These women may seem extreme outliers, almost freaks of nature; in the US, for example, the average age of first-time mothers is 26. A few decades from now, though, the sight of 70-year-old first-time mothers may not even raise eyebrows, say futurists.
“We could absolutely have more 70-year-old mothers because we are learning how to regulate the aging process better,” says Andrew Hessel, a microbiologist and geneticist, who cowrote "The Genesis Machine," a book about “rewriting life in the age of synthetic biology,” with Amy Webb, the futurist who recently wondered why 70-year-old women shouldn’t give birth.
Technically, we're already doing this, says Hessel, pointing to a technique known as in vitro gametogenesis (IVG). IVG refers to turning adult cells into sperm or egg cells. “You can think of it as the upgrade to IVF,” Hessel says. These vanguard stem cell research technologies can take even skin cells and turn them into induced pluripotent stem cells (iPSCs), which are basically master cells capable of maturing into any human cell, be it kidney cells, liver cells, brain cells or gametes, aka eggs and sperm, says Henry T. “Hank” Greely, a Stanford law professor who specializes in ethical, legal, and social issues in biosciences.
Mothers over 70 will be a minor blip, statistically speaking, Greely predicts.
In 2016, Greely wrote "The End of Sex," a book in which he described the science of making gametes out of iPSCs in detail. Greely says science will indeed enable us to see 70-year-old new mums fraternize with mothers several decades younger at kindergartens in the (not far) future. And it won’t be that big of a deal.
“An awful lot of children all around the world have been raised by grandmothers for millennia. To have 70-year-olds and 30-year-olds mingling in maternal roles is not new,” he says. That said, he doubts that many women will want to have a baby in the eighth decade of their life, even if science allows it. “Having a baby and raising a child is hard work. Even if 1% of all mothers are over 65, they aren’t going to change the world,” Greely says. Mothers over 70 will be a minor blip, statistically speaking, he predicts. But one thing is certain: the technology is here.
And more technologies for the same purpose could be on the way. In March 2021, researchers from Monash University in Melbourne, Australia, published research in Nature, where they successfully reprogrammed skin cells into a three-dimensional cellular structure that was morphologically and molecularly similar to a human embryo–the iBlastoid.

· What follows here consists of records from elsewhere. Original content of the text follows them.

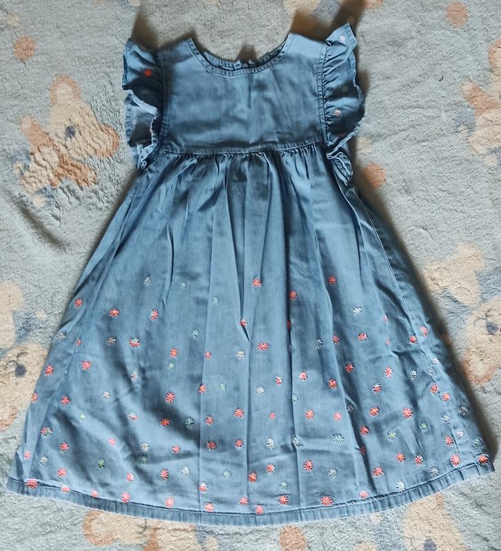 Очень красивое джинсовое платье для девочки на р.110, но хорошо будет даже на 116 (на фото ребенок имеет именно такой рост). В идеальном состоянии. По спинке потайная молния.
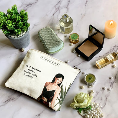A minimal canvas pouch with a beautiful print and an uplifting quote. These canvas pouches are light, spacious and environment friendly. These canvas pouches are light, spacious and environment friendly. Handcrafted in India from unbleached canvas these pouches are low maintenance yet are a statement in themselves.
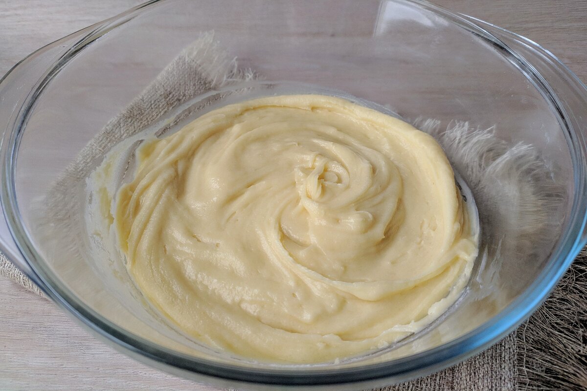 5. Невеликими порціями всипаємо борошно і ретельно розмішуємо до отримання однорідного тіста.
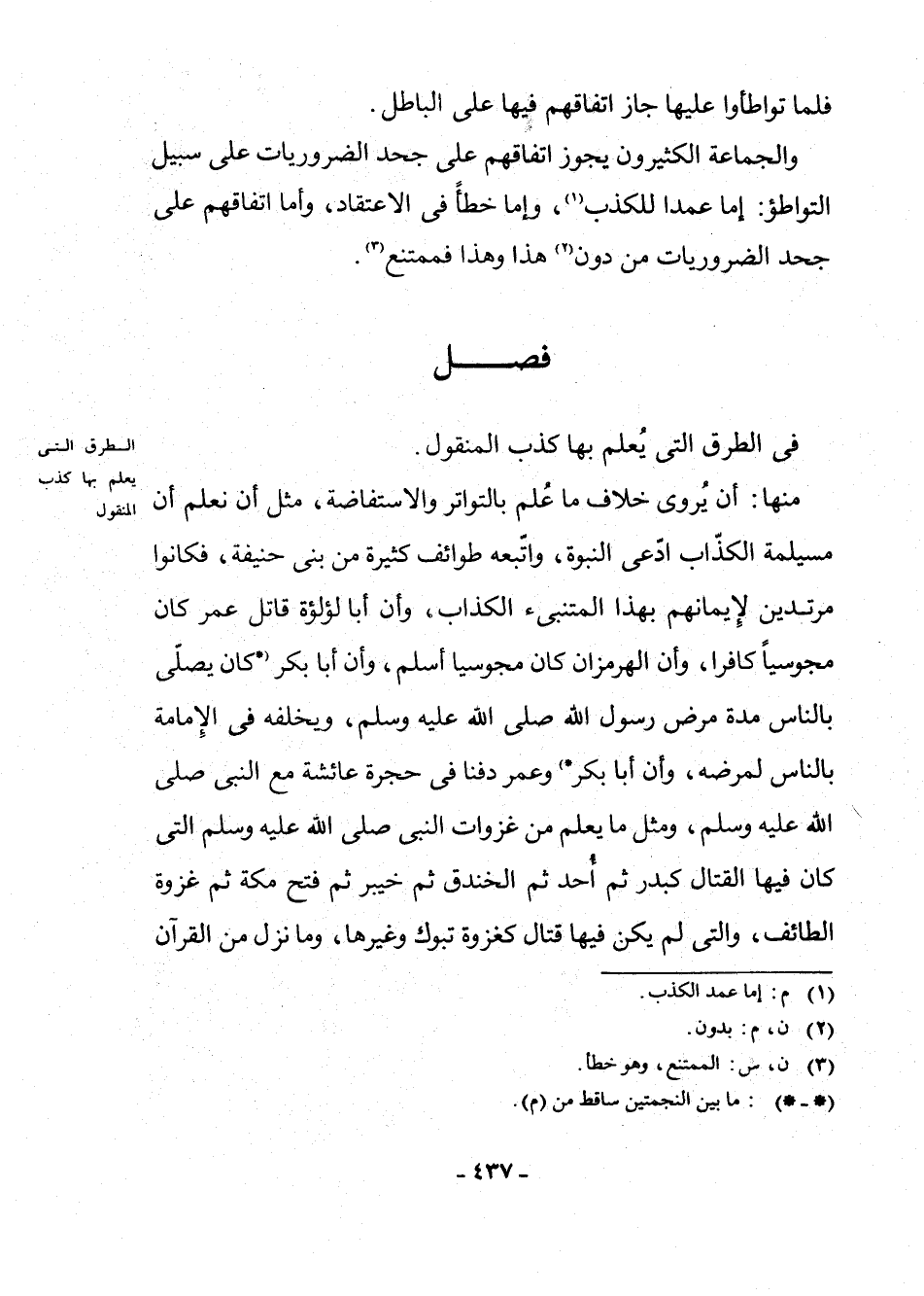 فِي الطُّرُقِ الَّتِي يُعْلَمُ بِهَا كَذِبُ الْمَنْقُولِ.
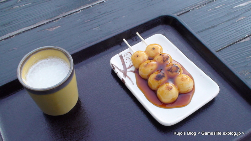 鐺鐺~ 甘酒與道中團子。說來慚愧,在日本住了幾年媽的一次團子都沒吃過,當然先入為主的覺得他是什麼好吃的東西啦...這次吃了之後還是沒改變我對他的看法(笑)。倒是甘酒的味道讓我流連忘返,喝起來根本就是甜酒釀,熱熱的喝真的很舒服,一邊看著湖跟山,吹著有點涼的風,還蠻享受的。不過冷掉之後就會甜的有點噁心所以要熱熱的解決他。也許這能解釋甘酒為何都會配個沾醬油膏的團子一起吃吧?w
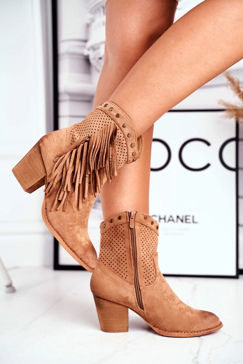 Botki Damskie Na Słupku Z Frędzlami Kowbojki Khaki Michelle
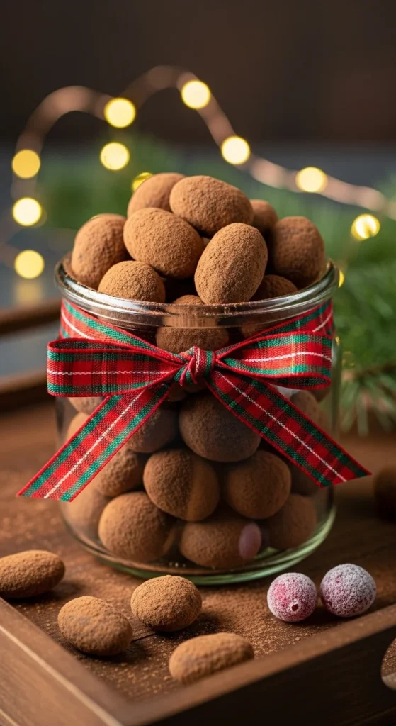 Melt chocolate, toss in almonds, and let cool. Dust with cocoa or sea salt. Package in small tins or jars. Elegant and addictive. A healthy gift that still feels indulgent.
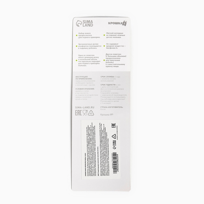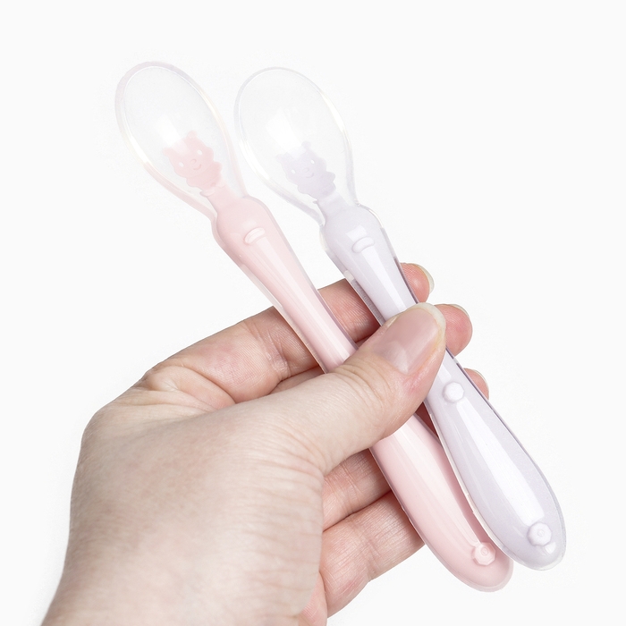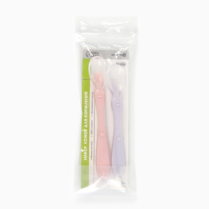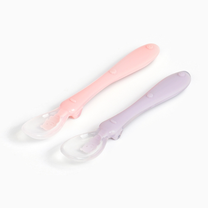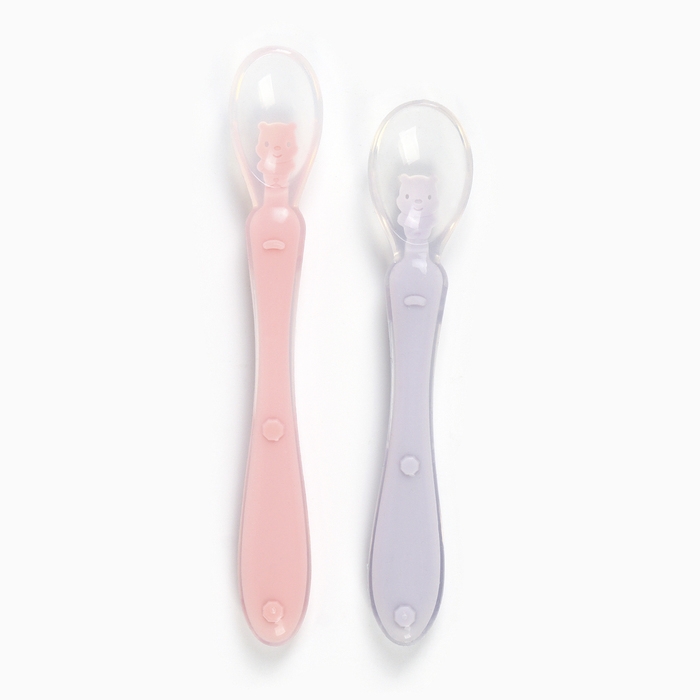 Ложка детская силиконовая для прикорма, набор 2 шт.. «Милые зверята», цвет розовый и фиолетовый, Крошка Я
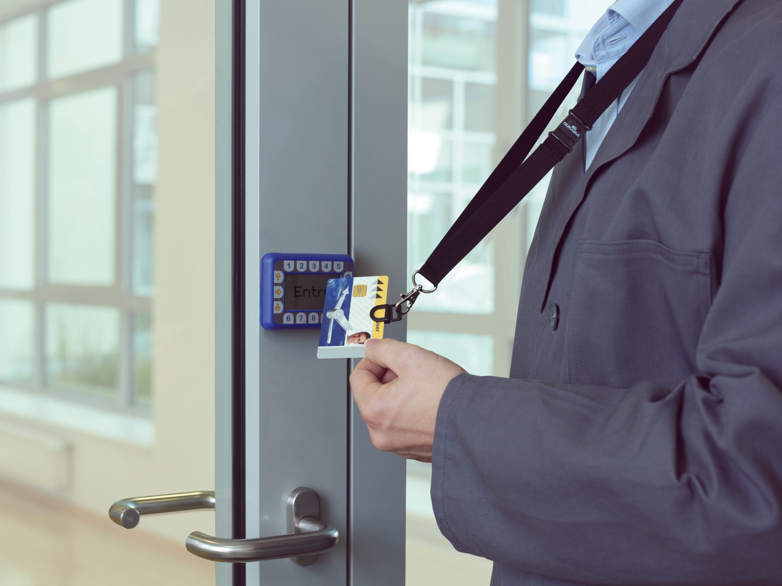 Kortholder med 20mm bred halssnor til hurtig fastgørelse af plastikkort, ID-kort og visitkort med en maksimal tykkelse på 1 mm. Indenliggende gummipude holder kortet sikkert på plads. Halssnor med sikkerhed udgivelse, der åbner, hvis halssnoren bliver fanget. Længde 44 cm.
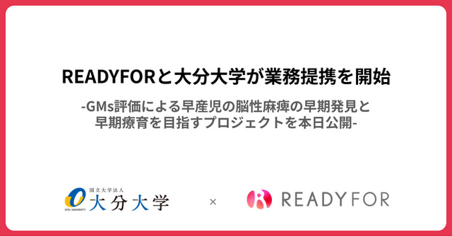日本初・国内最大級のクラウドファンディングサービス「READYFOR」を運営するREADYFOR株式会社(本社:東京都千代田区、 代表:米良はるか)と大分大学(所在地:大分県大分市、学長:北野正剛)は、業務提携を締結し、本日、第一号としてクラウドファンディングプロジェクト「小さな生命の健やかな発達を目指して|医療者に学びの機会を提供したい」を公開いたしました。
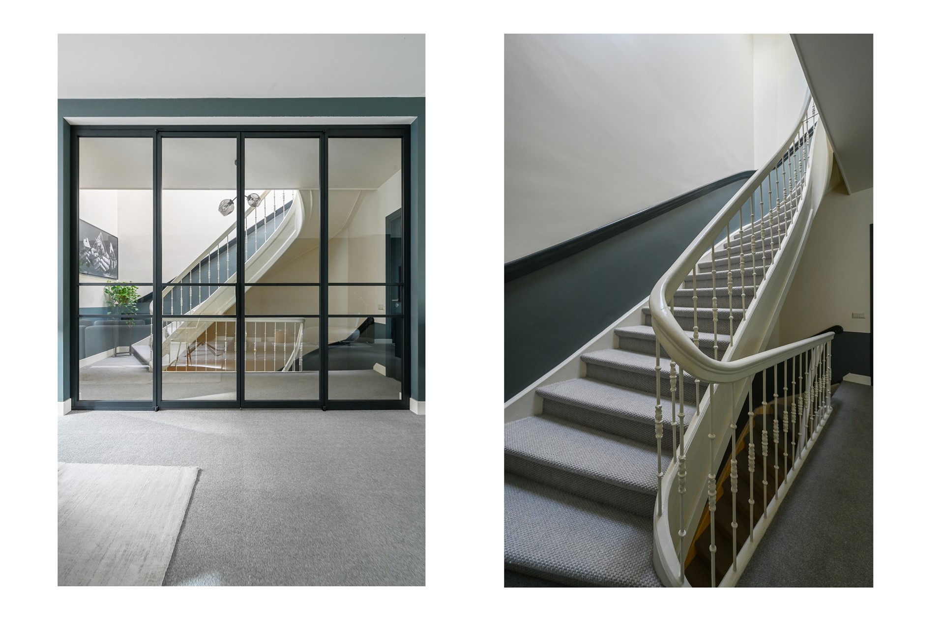 Entrance on the ground floor with a hall offering space for bicycles/strollers, a meter cupboard with a renovated distribution board, and stairs to the mezzanine with a large landing offering ample space for a wardrobe and stairs to the living area.
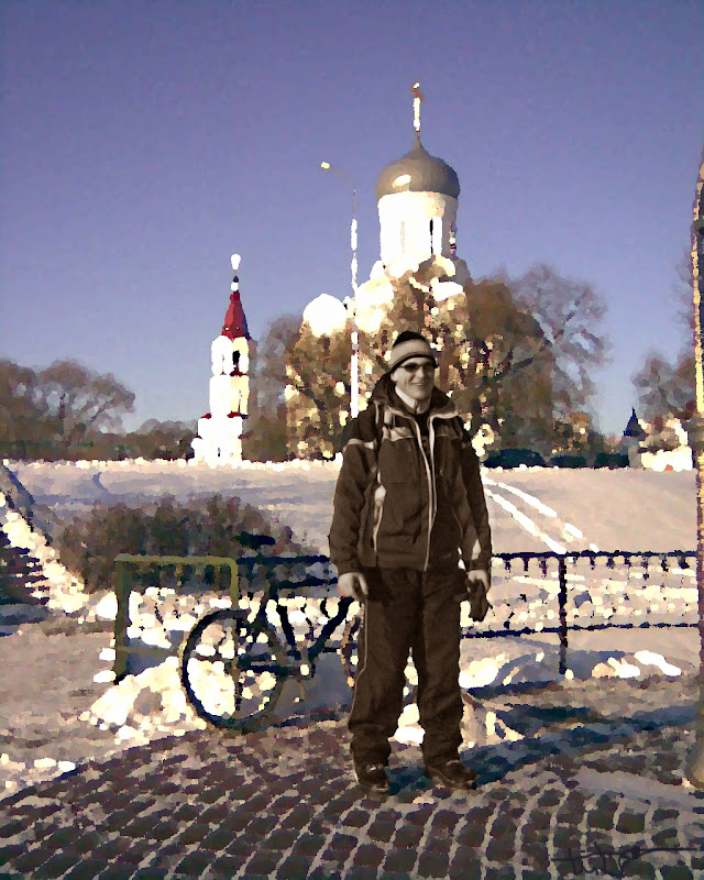 Удивление поджидало нас у родника. Точнее оно не поджидало, оно подкатило на мтб и на вопрос "Чудо, ты откудо?" сказало, что по-русски трындит очень нескладно и стрёмно. Оно оказалось омериканцем. Про всякие велокомьюнити в инете в Минске не было в курсе. Глеб ему написал на снегу все адреса поехалей и велобаев, на что Американец очень обрадовался. Сказал, что жена ему переведет, когда он решит залезть на эти ресурсы. Хотя в его взгляде сквозло толи недоумение, то ли страх, и в них явно читалось, что он стопудово думает, что мы его затягивем в страшную секту))...Зовуд Джон. Ещё один. Он попил святой водицы и удалился на нормальной скорости. А мы смекнули - это ш пока наши вон за компами по домам, эти тут завоёвывают полотна наших вд... Решили по зиме, когда велопоголовье наиболее уязвимо...)
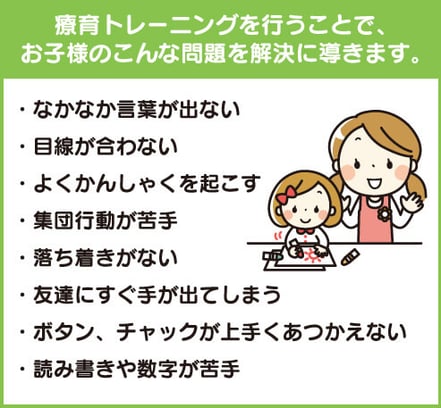 マンツーマンでの個別トレーニング、複数のお子様を集めて社会性やソーシャルスキルを養う小集団トレーニングなどを組み合わせ、未就学児童の発達支援や問題行動の改善などを目的に「療育」を進めていきます。
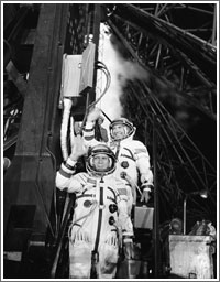 Popovich (top) and Artyukhin bid farewell to well-wishers at the steps of the launch pad elevator that would take them to their spacecraft.
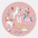 Sticker Rond Unicorn rose mignon filles magiques monogramme ann
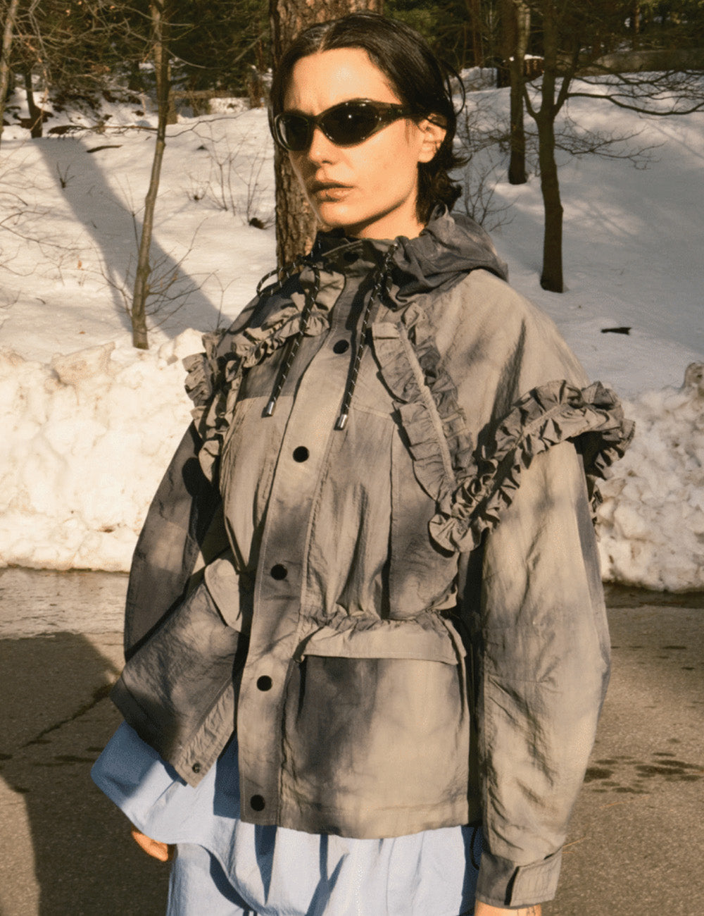 This recycled dyed nylon jacket is fully lined with nylon taslan and wind + water-repellent. Features an oversized self collar with ruffle detail + hood with built in self brim. Pair with the matching vest pack to complete the look!
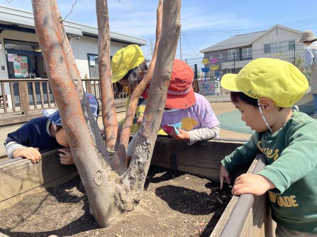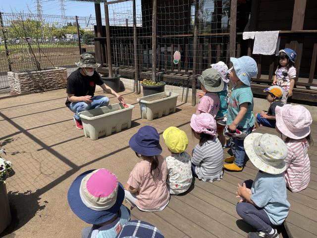 私たち園庭は芝生や様々な木々、花壇や畑といった自然に囲まれています。春にはうぐいすの声を聴き、夏はバッタやかぶとむしを触り、秋にはとんぼの観察、冬は雪遊び。四季を全身で感じながら保育を行うことができます!
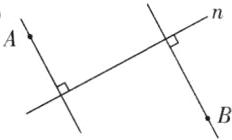 [提示]分别过点A、点B画直线n的垂线,并标上垂直符号。
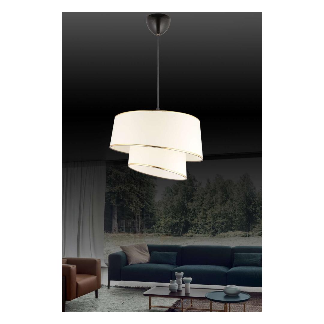 Muuda oma eluruumi meie kauni plastkeha lühtriga. See elegantne ese on varustatud kangast kattega ning stiilse valge ja kuldse värvikombinatsiooniga, mis lisab igasse ruumi luksuslikku puudutust. Lühtri ainulaadne disain tõstab koheselt teie kodu sisustust ja loob sooja ning kutsuva atmosfääri.Tõsta oma kodu sisustusLisa oma eluruumi elegantsi meie plastkeha lühtriga. Valge ja kuldse värvikombinatsiooni kombinatsioon loob luksusliku ja rafineeritud ilme, mis jätab mulje teie külalistele ja teeb avalduse igas ruumis.Loo soe ja kutsuv atmosfäärLühtri pehme kuma loob teie kodus sooja ja kutsuva atmosfääri. Olgu tegemist õhtusöögipidamise või hea raamatu lugemisega, see kaunis ese täiustab iga ruumi atmosfääri.Tehnilised andmed:Materjal: Plastkeha, kangast kateKatte suurus: Ø35 h:23 cmPõhiplaadi suurus: Ø9 h:7 cmPesatüüp: 1 x E 27 Max 40 WKogukõrgus: 33 - 60 cmPirn ei ole kaasasPingetase: 110-240 VIP kood: IP20Värv: Valge ja kuldne Värv: White Gold
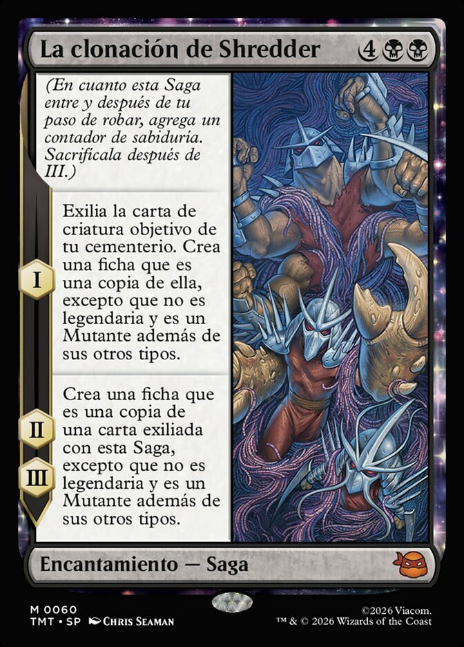 | Rules | (As this Saga enters and after your draw step, add a lore counter. Sacrifice after III.) I — Exile target creature card from your graveyard. Create a token that's a copy of it, except it isn't legendary and is a Mutant in addition to its other types. II, III — Create a token that's a copy of a card exiled with this Saga, except it isn't legendary and is a Mutant in addition to its other types. |

In compliance with Australian law and international guidelines referencing the “primitive streak rule," which bans the use of embryos older than 14 days in scientific research, Monash scientists stopped growing their iBlastoids in vitro on day 11.
“The research was both cutting-edge and controversial, because it essentially created a new human life, not for the purpose of a patient who's wanting to conceive, but for basic research,” says Lindsay Wu, a senior lecturer in the School of Medical Sciences at the University of New South Wales (UNSW), in Kensington, Australia. If you really want to make sure what you are breeding is an embryo, you need to let it develop into a viable baby. “This is the real proof in the pudding,'' says Wu, who runs UNSW’s Laboratory for Ageing Research. Then you get to a stage where you decide for ethical purposes you have to abort it. “Fiddling here a bit too much?” he asks. Wu believes there are other approaches to tackling declining fertility due to older age that are less morally troubling.
He is actually working on them. Why would it be that women, who are at peak physical health in almost every other regard, in their mid- to late- thirties, have problems conceiving, asked Wu and his team in a research paper published in 2020 in Cell Reports. The simple answer is the egg cell. An average girl in puberty has between 300,000 and 400,000 eggs, while at around age 37, the same woman has only 25,000 eggs left. Things only go downhill from there. So, what torments the egg cells?
The UNSW team found that the levels of key molecules called NAD+ precursors, which are essential to the metabolism and genome stability of egg cells, decline with age. The team proceeded to add these vitamin-like substances back into the drinking water of reproductively aged, infertile lab mice, which then had babies.
“It's an important proof of concept,” says Wu. He is investigating how safe it is to replicate the experiment with humans in two ongoing studies. The ultimate goal is to restore the quality of egg cells that are left in patients in their late 30s and early- to mid-40s, says Wu. He sees the goal of getting pregnant for this age group as less ethically troubling, compared to 70-year-olds.
But what is ethical, anyway? “It is a tricky word,” says Hessel. He differentiates between ethics, which represent a personal position and may, thus, be more transient, and morality, longer lasting principles embraced across society such as, “Thou shalt not kill.” Unprecedented advances often bring out fear and antagonism until time passes and they just become…ordinary. When IVF pioneer Landrum Shettles tried to perform IVF in 1973, the chairman of Columbia’s College of Physicians and Surgeons interdicted the procedure at the last moment. Almost all countries in the world have IVF clinics today, and the global IVF services market is clearly a growth industry.
Besides, you don’t have a baby at 70 by accident: you really want it, Greely and Hessel agree. And by that age, mothers may be wiser and more financially secure, Hessel says (though he is quick to add that even the pregnancy of his own wife, who had her child at 40, was a high-risk one).
As a research question, figuring out whether older mothers are better than younger ones and vice-versa entails too many confounding variables, says Greely. And why should we focus on who’s the better mother anyway? “We've had 70-year-old and 80-year-old fathers forever–why should people have that much trouble getting used to mothers doing the same?” Greely wonders. For some women having a child at an old(er) age would be comforting; maybe that’s what matters.
And the technology to enable older women to have children is already here or coming very soon. That, perhaps, matters even more. Researchers have already created mice–and their offspring–entirely from scratch in the lab. “Doing this to produce human eggs is similar," says Hessel. "It is harder to collect tissues, and the inducing cocktails are different, but steady advances are being made." He predicts that the demand for fertility treatments will keep financing research and development in the area. He says that big leaps will be made if ethical concerns don’t block them: it is not far-fetched to believe that the first baby produced from lab-grown eggs will be born within the next decade.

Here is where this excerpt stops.